HOUReview
photo credit: Richard Casteel
Triple J's Smokehouse
Included In
You can tell by the giant flames mural and faint bass lines bumping inside Triple J’s Smokehouse in Trinity Gardens that a meal here will be a party. Mostly a take-out joint, Triple J’s stays packed with a long line snaking around the inside, as neighborhood folks and anyone working nearby queues up for a takeout tray loaded with smoked meat. Known for loaded baked potatoes and an enormous line of folks angling for giant turkey legs every year at the Houston Rodeo, Triple J’s smokes up some of the best old school Houston barbecue in town.
photo credit: Richard Casteel
Open since 1994, Triple J’s represents a specific, old school style of Houston barbecue: Part country cookout, part Texas-style low and slow smoked barbecue, and part East Texas potluck, all smashed together. With new school Central Texas-style barbecue garnering all the accolades, sidelined East Texas barbecue tastes comforting and nostalgic. Lifelong Houstonians that grew up going to rodeo cookouts or big country picnics know this style well, likely because it was force-fed to us from infancy. Add on fast-paced but familial service, walls heaving with every ironic joke and punny sign imaginable, and a mostly standing-room-only dining room, and you’ve got a barbecue spot built for the neighborhood.

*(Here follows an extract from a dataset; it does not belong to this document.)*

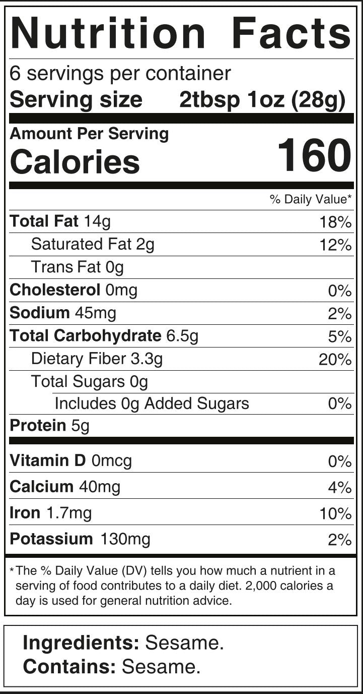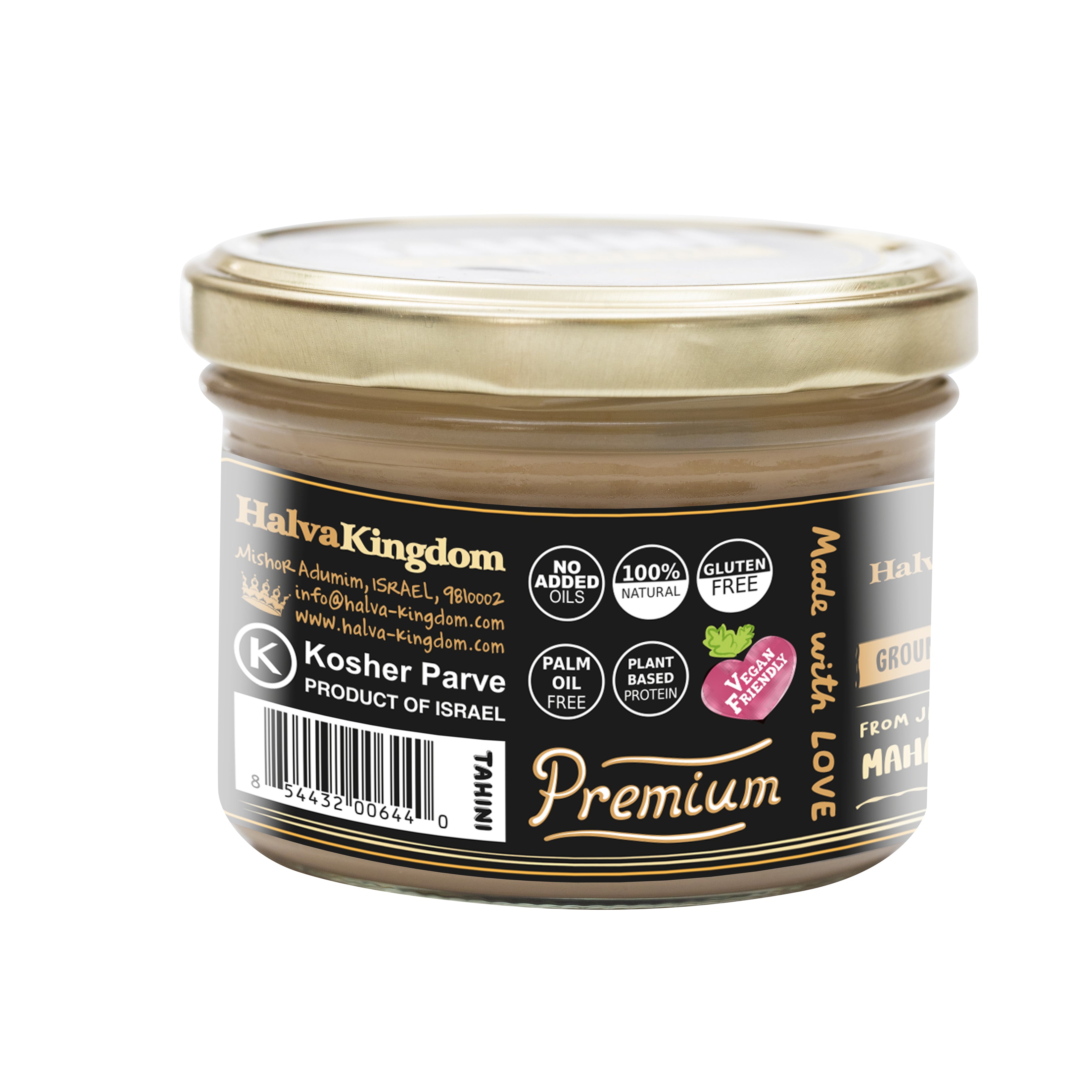Premium Raw Sesame Tahini Jars Raw Sesame Tahini100% NaturalSugar FreeHigh In FiberGluten FreePalm Oil FreePlant Based ProteinVegan FriendlyNet wt. 6.3 OZ/ 180 gramMade In IsraelBadatz Eida Charedi...

While most of y’all think brisket represents the be all, end all of barbecue, but we think that’s some Central Texas propaganda. While we love a tender fatty brisket as much as the next person, the brisket at J’s takes more of a supporting actor role, and is best served chopped over a giant baked potato. But the smoky, sauced-up pork ribs, fire-breathing boudin, and fatty sausage here will expand your definition of what constitutes some solid ‘cue. The sides here hit just right, with homestyle macaroni and cheese and pot likker-stewed green beans that have the same deep, soulful flavor as any of the meat. And if your cue doesn’t come with quite enough sauce, there’s a five-gallon spigot dispenser full of sauce by the to-go silverware.
photo credit: Richard Casteel
photo credit: Richard Casteel
photo credit: Richard Casteel
photo credit: Richard Casteel
photo credit: Richard Casteel
The experience at Triple J’s focuses on the whole meal, the familiar friendly service, and running into your neighbor or teacher or sister’s boyfriend’s little cousin while waiting in line. And when you see folks carrying out multiple plastic bags shoved full of sides and sausage, you know somebody somewhere is about to feast. We appreciate that old school spots still have long lines holding it down for Houston country-style barbecue. Go here if you want a takeout meal you won’t forget, some of the best boudin in town, or a barbecue blast from the past.
Food Rundown
photo credit: Richard Casteel
Ribs
The smoky pork ribs will have you licking the bone, your fingers, and possibly the to-go container. We will throw down on these every time.
photo credit: Richard Casteel
Sausage
Spicy, snappy, porky, and loaded with spices, the sausage at Triple J’s could sustain us. Actually, if we are ever lost at sea, but somehow had a magical and preferably large emergency stash of J’s sausage, we might be okay, maybe. For now we’ll just keep ordering it to-go.
photo credit: Richard Casteel
Lil’ J Chopped Beef Baked Potato
This Lil’ J ain’t so lil’, especially when it comes out loaded down with a ladleful of sweet and smoky chopped beef, cheese, and sour cream. There are a couple schools of thought here: take down the beef first and then enjoy the potato, or, our preferred method: Stirring it all up into a cheesy beefy mash, just like we did as kids.
photo credit: Richard Casteel
Spicy Boudin
What makes a great boudin is personal, and while this ain’t Louisiana, plenty of us Texans enjoy this spicy sausage and rice Cajun meat treat. It’s especially good (and actually spicy) at Triple J’s, where it comes with the only thing a truly great boudin needs: Saltines.
photo credit: Richard Casteel
Macaroni And Cheese
The execution of any batch of macaroni and cheese is liable to divide entire families. Wars have probably been started for less. Macaroni and cheese is deeply serious, and Triple J’s knows this, and beautifully delivers a cheesy, not-too-creamy, but not overbaked, just-right version that could mend whatever broke the Hatfields and McCoys.
photo credit: Richard Casteel
Green Beans
The first time we tasted the green beans, we closed our eyes, took a deep breath, and felt at peace with the world. While you might not experience this specific level of amazing food-induced nirvana, we will say the deeply flavorful (probably mostly from pork) pot likker of these green beans will taste how you wish every vegetable (again, so much pork) could.